Ich erinnere mich daran, wie sie aussah mit ihrem offenen Haar und ihren dunklen Augen. Bevor ich sie berührte, wusste ich, wie sie sich anfühlen würde. Bevor ich sie in mein Bett legte, wusste ich, wie sie dort aussehen würde. Jetzt ist es nur noch ein Traum, die süßeste Erinnerung meines Lebens.
In jener zeitlosen Stunde hatte ich alles, was ein Mann sich wünschen kann. Bianca war Schönheit und Liebe und Versprechen, verführerisch und unschuldig, scheu und lustvoll. Selbst jetzt schmecke ich noch ihren Mund, ihre Haut. Und sehne mich schmerzhaft nach ihr.
Dann war sie fort. Was ich für einen Anfang hielt, war das Ende.
Ich nahm mein Geld, verkaufte Gemälde und kaufte vier Karten für den Abendzug. Doch sie kam nicht. Ein Gewitter braute sich zusammen. Grelle Blitze, bösartiger Donner, schwerer Sturm. Ich redete mir ein, es wäre das Wetter, das mein Blut gefrieren ließ. Doch Gott helfe mir, ich glaube, ich wusste Bescheid. Ein scharfer, entsetzlicher Schmerz und eine so unvernünftige Furcht verzehrten mich.
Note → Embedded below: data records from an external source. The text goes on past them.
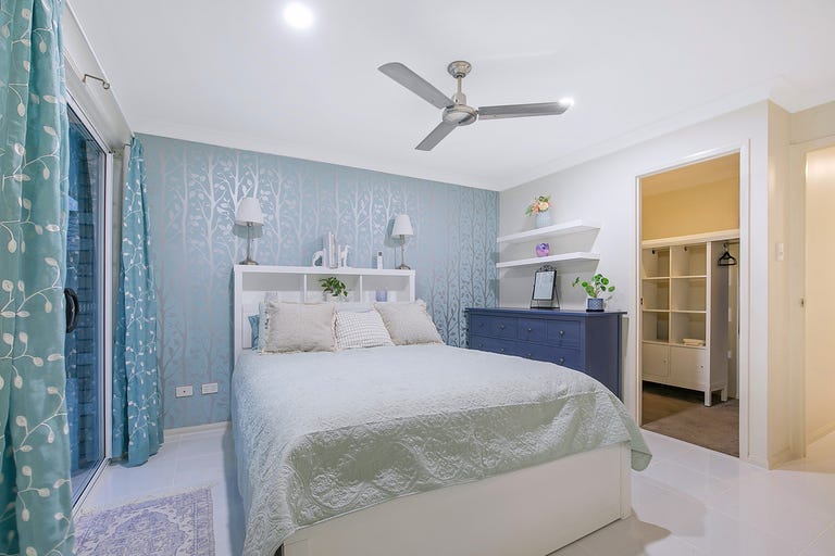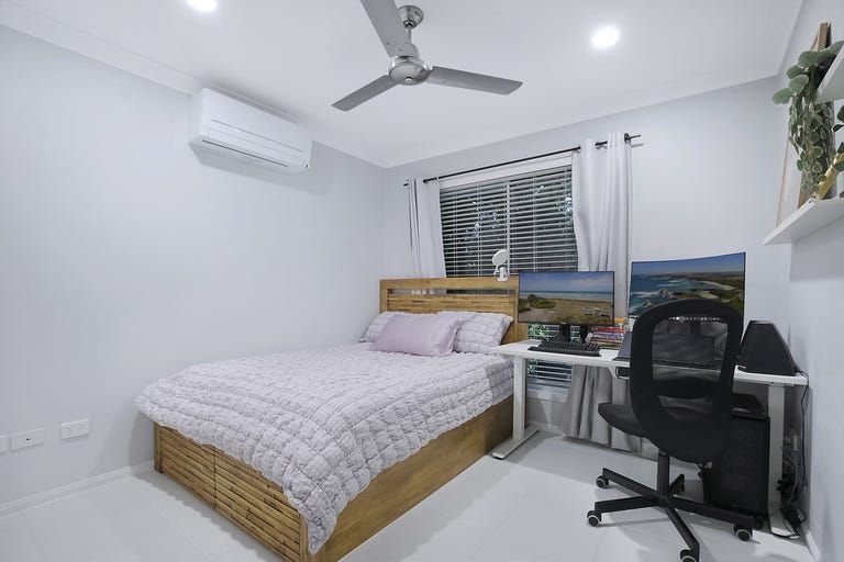 • Bedroom four at the front of the home with built-in robe, split air-conditioning, ceiling fan, venetian blinds, curtains and security screens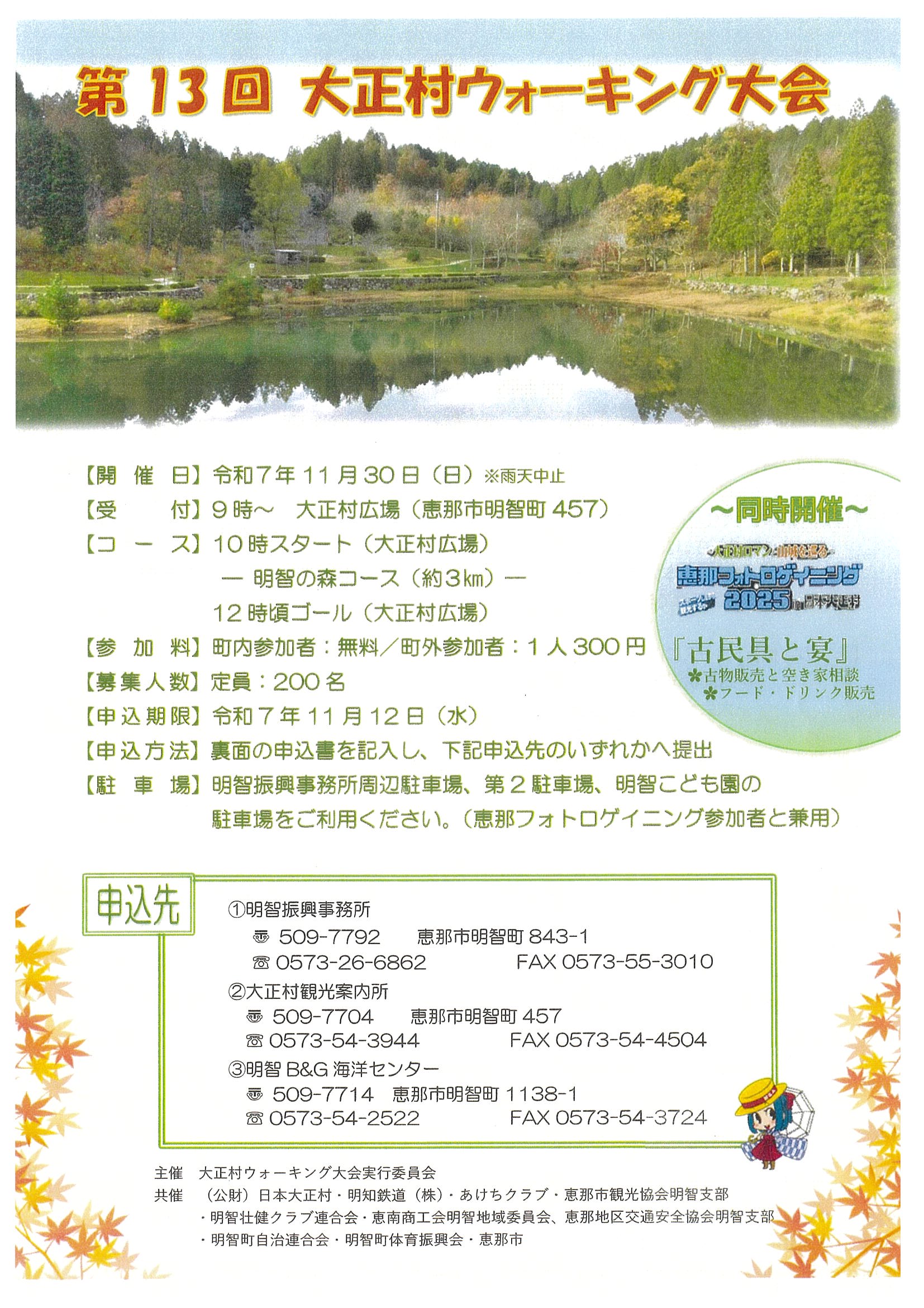 | TEL | 明智振興事務所内 0573-26-6862 大正村観光案内所 0573-54-3944 明智B&G海洋センター 0573-54-2522 |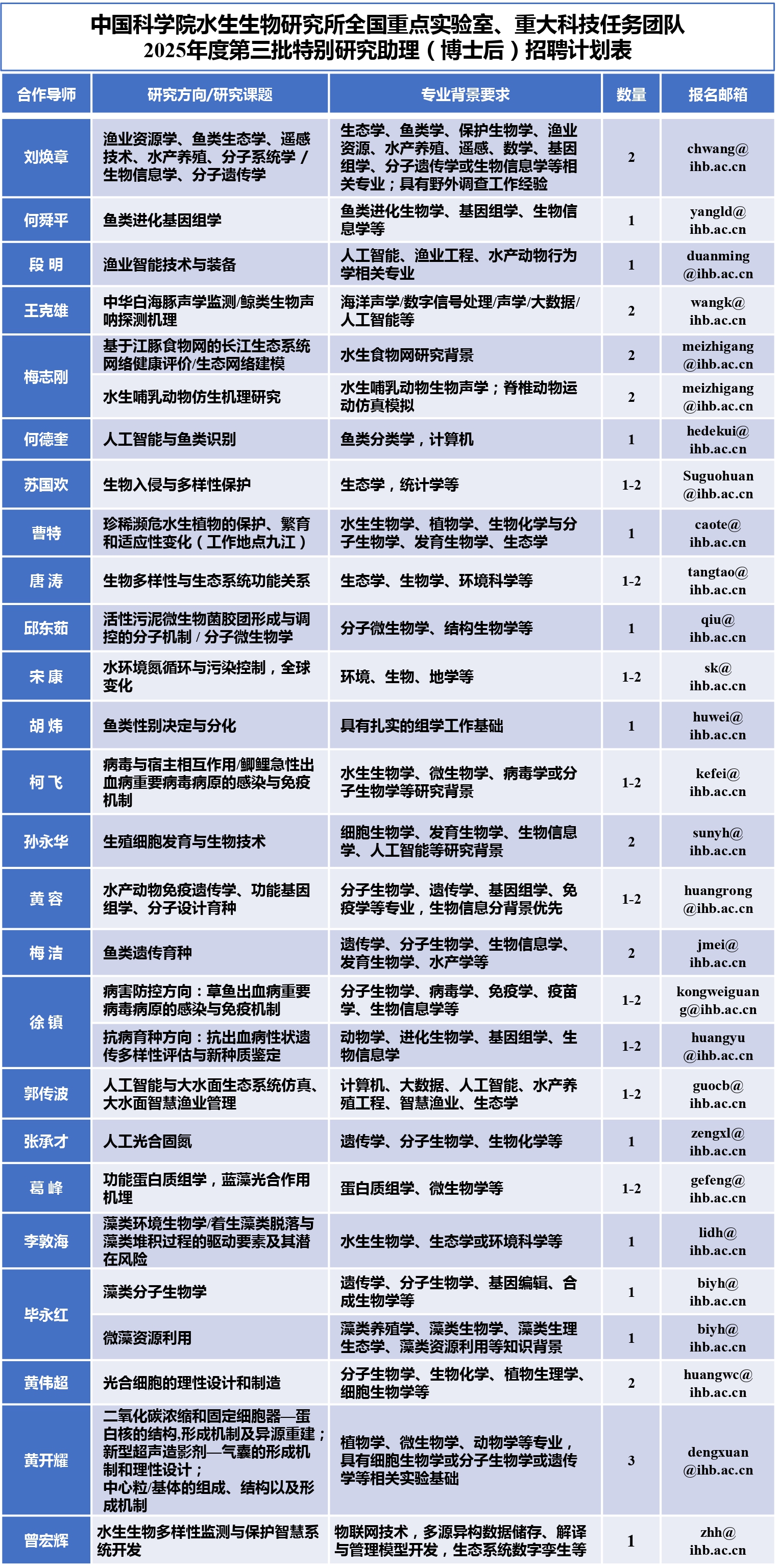 1.?水生生物學、遺傳學、水產學、微生物學、分子生物學、細胞生物學、病毒學、生理學、動物學、植物學、漁業工程、遙感、生態學、環境科學、環境工程、保護生物學、聲學、水文學、統計學、大數據、計算機科學、人工智能、基因組學、生物信息等相關專業博士或應屆博士畢業生。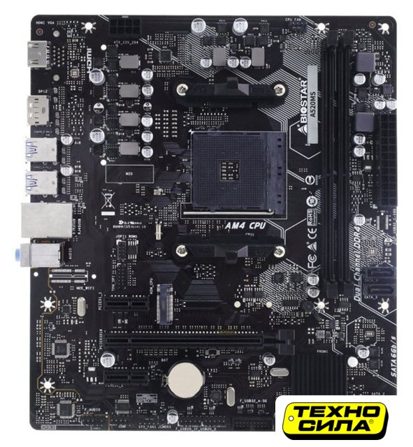 mATX, сокет AMD AM4, чипсет AMD A520, память 2xDDR4 до 4600 МГц, слоты: 1xPCIe x16 3.0, 1xPCIe x1, 1xM.2
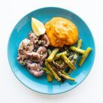 Chipirones con Espárragos Verdes y Puré de Calabaza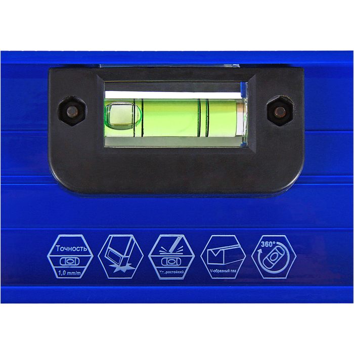 Уровень строительный КОБАЛЬТ 800 мм, профиль 25 x 60 мм, 3 глазка, 2 ручки, V-образный паз, точность 1 мм/м, литой (243-158) - цена, фото, технические характеристики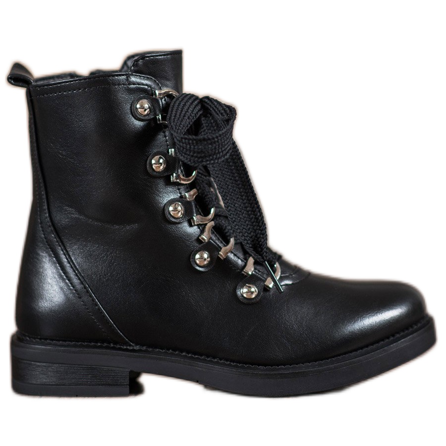 ¡Descubre el estilo único y la comodidad que ofrecen las botas SHELOVET negras! Estos elegantes calzados fabricados en piel ecológica son una elección perfecta para la temporada otoño/invierno. Su parte superior hasta los tobillos, junto con el cierre de encaje decorativo, le dan a los zapatos un toque rockero característico. Gracias a un cómodo tacón ancho de 3,5 cm, las botas proporcionan estabilidad y comodidad durante el uso diario.
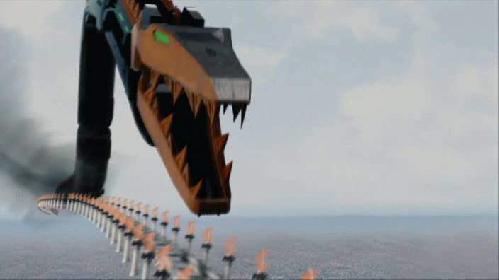 D'un point de vue technique, la série n'avait déjà pas à avoir honte de son utilisation des effets spéciaux, mais il me semble que le film est un chouhia au-dessus, au moins pour les éléments en 3D, comme les trains par exemple. C'est d'ailleurs l'occasion d'avoir quelques scènes d'action entièrement en 3D, l'un où ZeroLiner poursuit DenLiner piloté par Gaou, ça secoue dans tous les sens, et le super combat de fin qui oppose le mega combo ZeroLiner + DenLiner de base + le compartiment d'Urataros + le compartiment de Kintaros + le compartiment de Ryutaros... Nan bah trop long, j'ai pas de capture à vous montrer...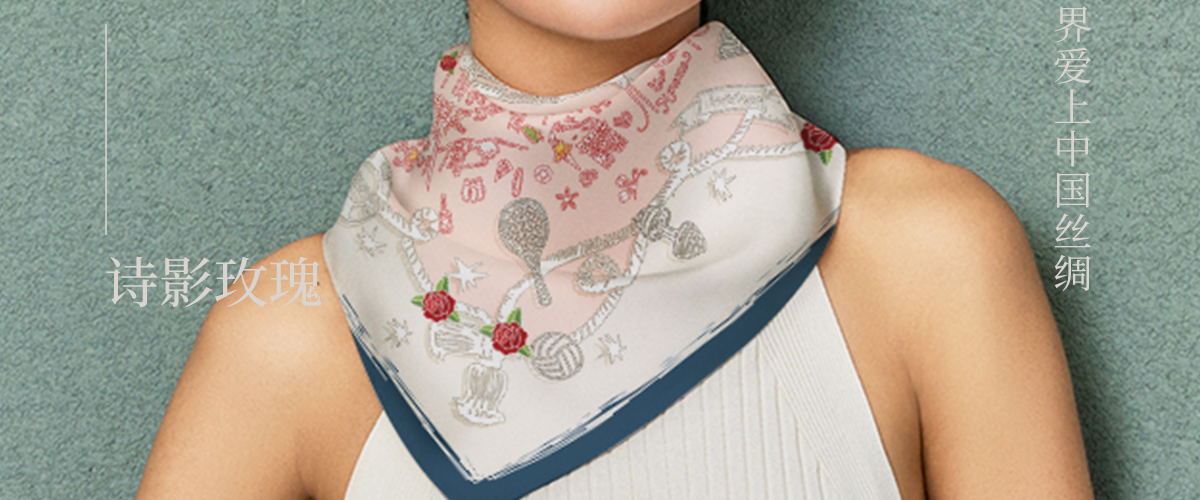 万事利“诗影玫瑰”63厘米WL双面印花中方巾

Zum ersten und zum letzten Mal ging ich nach The Towers. Der Regen hatte zu strömen begonnen, als ich ans Tor klopfte. Die Frau, die mir öffnete, war hysterisch. Ich hätte mich an ihr vorbeigedrängt, doch in diesem Moment traf die Polizei ein.
Bianca war vom Turm gesprungen, hatte sich aus dem Fenster auf die Felsen gestürzt. Dies alles ist jetzt unklar, war es auch damals schon. Ich erinnere mich, dass ich lief und durch den heulenden Sturm nach ihr rief. Die Lichter des Hauses leuchteten grell durch die Dunkelheit. Männer kletterten bereits den Abhang mit Laternen hinunter. Ich stand da und blickte auf Bianca. Meine Geliebte, mir entrissen. Doch nicht durch ihre eigene Hand. Das konnte ich niemals akzeptieren. Und dennoch war sie fort, verloren.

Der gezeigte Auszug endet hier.